There's been a lot of hubub over Zappos' recent web debacle that resulted in a $1.6m loss. Apparently some web dev person made a coding error that priced all items on the site at $49.95, even these. You can read the story here if you want the details. Most of the coverage has focused on how rad Zappos is for standing behind their pricing despite it being a mistake. I actually find this humorous. This kind of thing happens quite often, of course maybe not on the same scale, but in every case I'm aware of, the company eats it. That's business. Mistakes generally cost money, and companies with over $1B in revenue make $1m mistakes. That is not news.
The story is interesting no doubt, because a "handful" of late night shoppers scored big time.
The real story though, is the love affair America has with Zappos, including the press and the blogosphere. I awoke to friends and bloggers I read tweeting and retweeting the story like crazy. Zappos has built up so much goodwill from it's Wow! service model, that people are chomping at the bit to promote them. They can't help themselves.
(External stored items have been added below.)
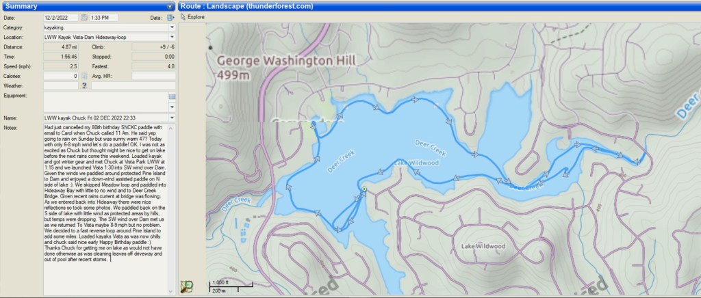 I had just cancelled my 80th birthday paddle when Chuck Hart called me at 11:00 am. He said, yep going to rain on Sunday, but today is sunny, and warm (47?). And with wind only 6-8 mph, let’s do a paddle! I was not quite as excited as Chuck, but thought might be nice to get on lake before the next rain.
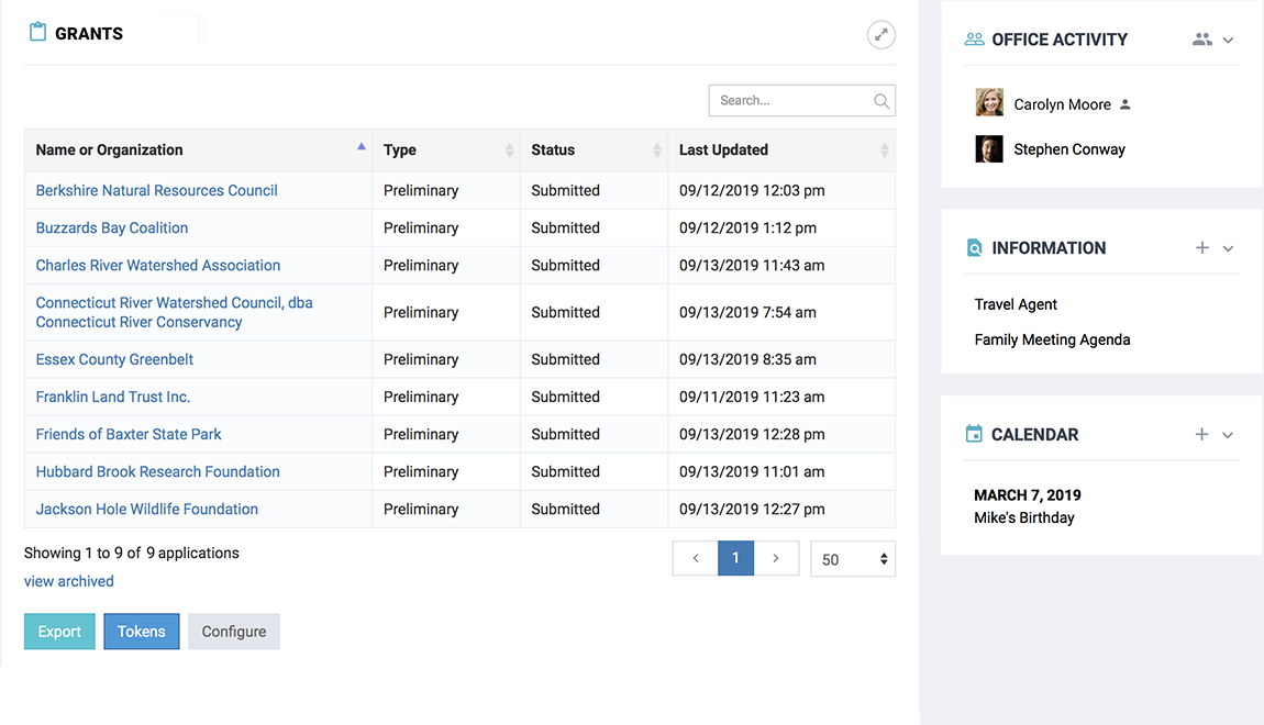 Facilitate the collection, review, and processing of 501 (c) grants and other awards. Applicants fill in fully customizable forms and upload files attached to their applications. The system tracks and notifies progress.
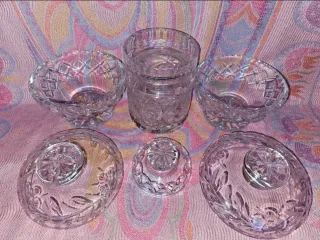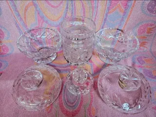 Elegante set de tres piezas de cristal tallado con un diseño intrincado. - Diseño de corte de diamante en los cuencos. - Un recipiente cilíndrico con detalles. - Piezas decorativas con motivos florales grabados. Lo puedo acercar a Ávila, Escorial, Villalba o Madrid o zonas cercanas. Preguntar
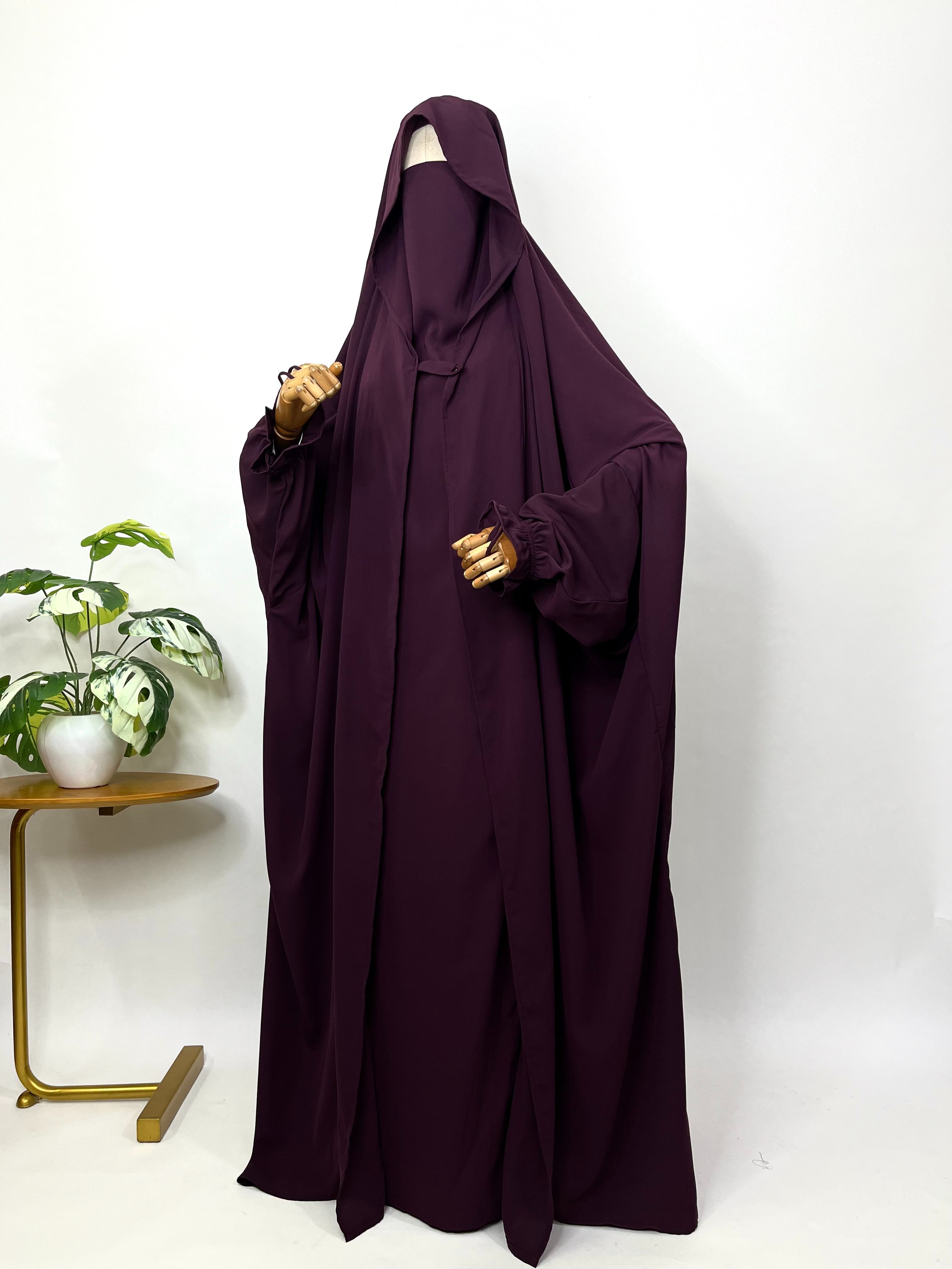 Introducing Plum Saudi Jilbab with flap - a modest and elegant choice for your wardrobe. This one pc jilbab features a convenient flap design and delicate flower sleeves with loops for added style and ease. Made from high-quality materials, it offers comfort and sophistication in one. Elevate your modest fashion with Saudi Jilbab.

This is human nature. Robert Cialdini talks about this in his book, "Influence: The Psychology of Persuasion". When we give first, without expectation of receiving, there is an innate and powerful drive in that recipient, to reciprocate that generous act.
Zappos has harnessed this law of human interaction perfectly, and it's been costly-the word on the street is that Zappos technically has yet to make a profit (free shipping/returns, get well soon cards, bereavement flowers, and generally all around awesome treatment doesn't come cheap). And yet Amazon recently bought them for $1B. Crazy. Or maybe not so crazy when you consider the goodwill that Zappos possesses.
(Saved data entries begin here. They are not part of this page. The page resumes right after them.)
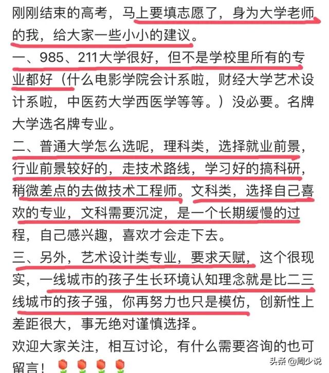 一位大学老师给高三学子高考填报志愿的三点建议,非常具有参考的价值,里面有一些观点也挺认可的,比如985、211大学很好,但不是学校里面所有专业都好,最好名牌大学选名牌专业;其次,普通大学理科类,选择就业与行业前景好的,走技术路线,文科类的,选择自己喜欢的专业就好。当然,艺术设计类专业,我个人觉得这个真没啥可选择性,在艺考时期选大学,就已经把专业选死了,所以,可选择性的不多,只需要看高考成绩,根据高考成绩去选报考的大学分数线即可,录取原则通常都是从高分到低分的流程。你们觉得高考填报志愿还需要注意什么呢?
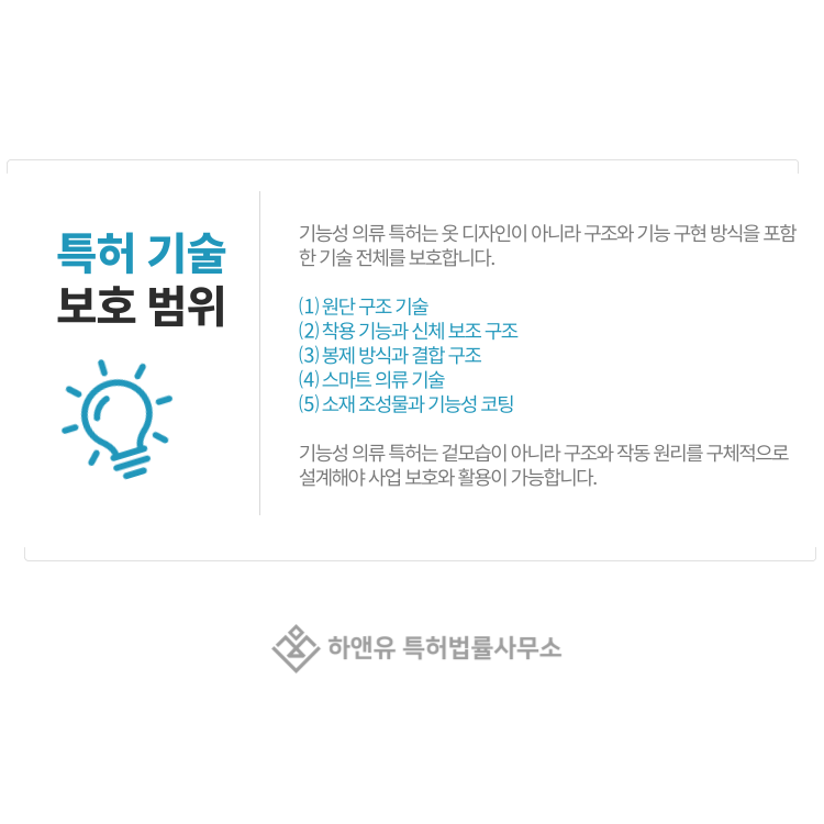 기능성 의류 특허로 보호할 수 있는 기술 범위는 생각보다 훨씬 넓습니다.
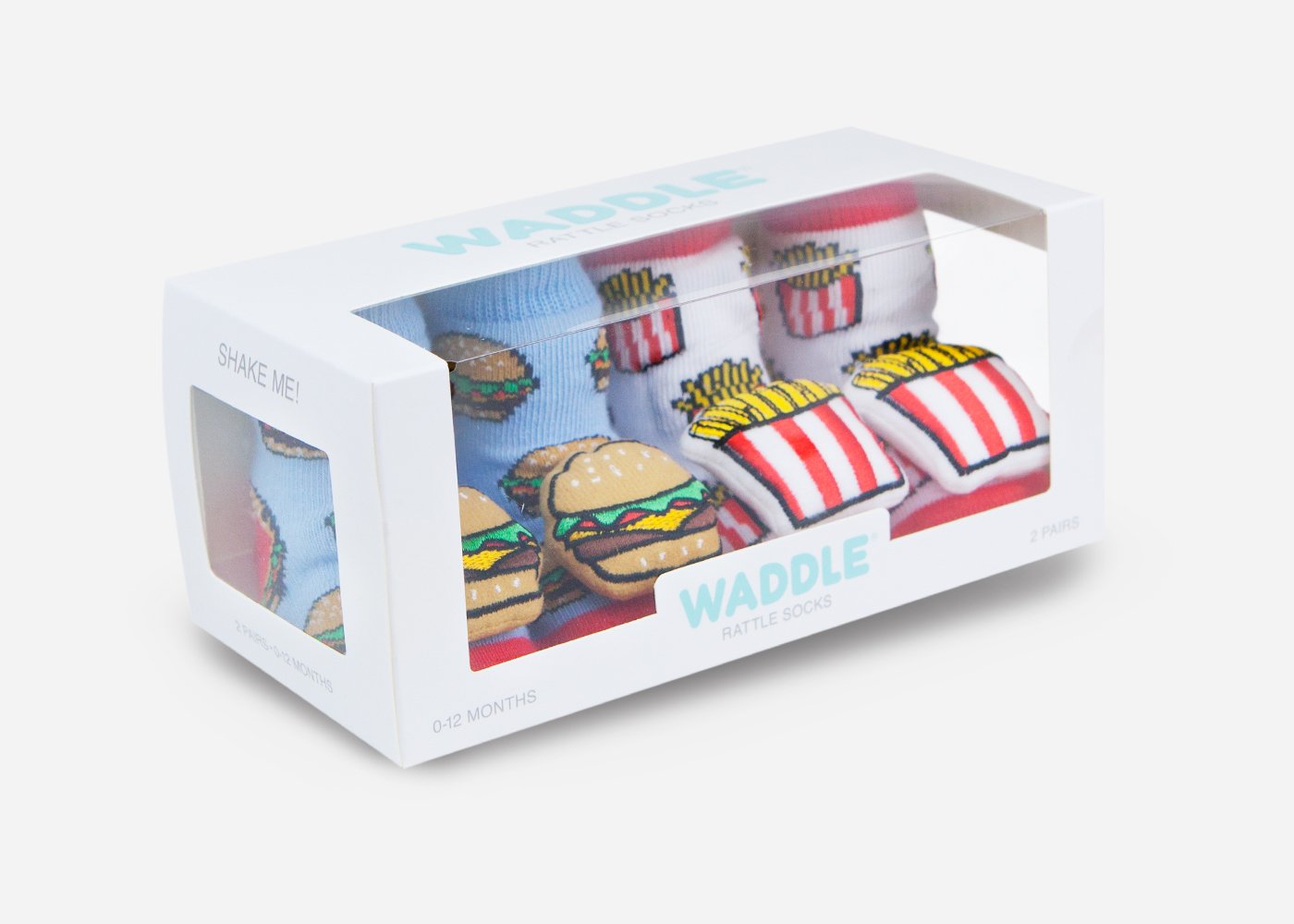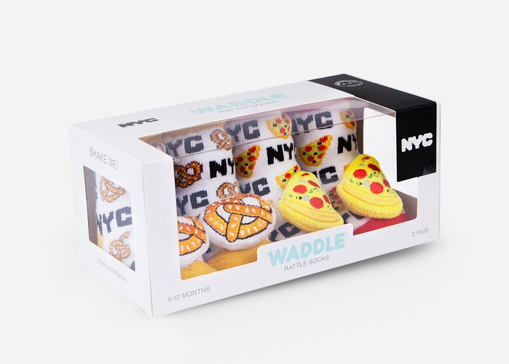 Shake up baby’s rattle routine with Waddle Rattle Socks. Each pair of comfy socks, which fit baby’s feet from birth to 12 months, has a rattle attachment on the front that is designed to aid in developing sensory skills through sound and touch.

Jeff Bezos didn't pay a billion dollars for a web retailer. He paid a billion dollars for a deep customer portfolio that just can't wait to reciprocate.
2 comments:
Good point Chris! The truth is, there is a handful of people who can get into the consumers mindset 10x deeper than the rest of us. And once there, they trust their gut and go for it!
Venture Capitalist Fred Wilson (http://avc.com) wrote last week that one of the best questions from a Google I/O panel was "What is the biggest no-no for a start-up?" The answer is Fear. It is quite apparent that neither Jeff Bezos or Tony Hsueh let fear influence their decisions when doing what's right.
Love your thoughts Chris, allow me to comment on some things that stuck out.
1. $1B companies making $1.6M mistakes is not common. A company like Zappos (with the resources of Amazon) can shrug it off, but a $1.6M screw up is still a MAJOR SCREW-UP no matter how big your company is. These things simply don't happen on a regular basis, and it is BIG NEWS when it happens (especially with a high-profile company like Zappos).
2. I believe that Zappos has been CFP for at least 3-4 years. "Technically" being profitable is a very fuzzy line to walk. Enron (and many others) proved that long ago. Creative accounting can move profits to losses and vice versa. I don't believe Amazon would have paid $1.2B for a company that was losing money. Maybe, but I doubt it...especially in the current economy.
3. I love your reference to Cialdini's book. One of my favorites. Love love love that book.
4. This is perhaps the most brilliant $1.6 million dollar marketing campaign ever created. Did they do it on purpose? Probably not, but they couldn't have spent it in any better way.
Keep up the great posts, I always enjoy them.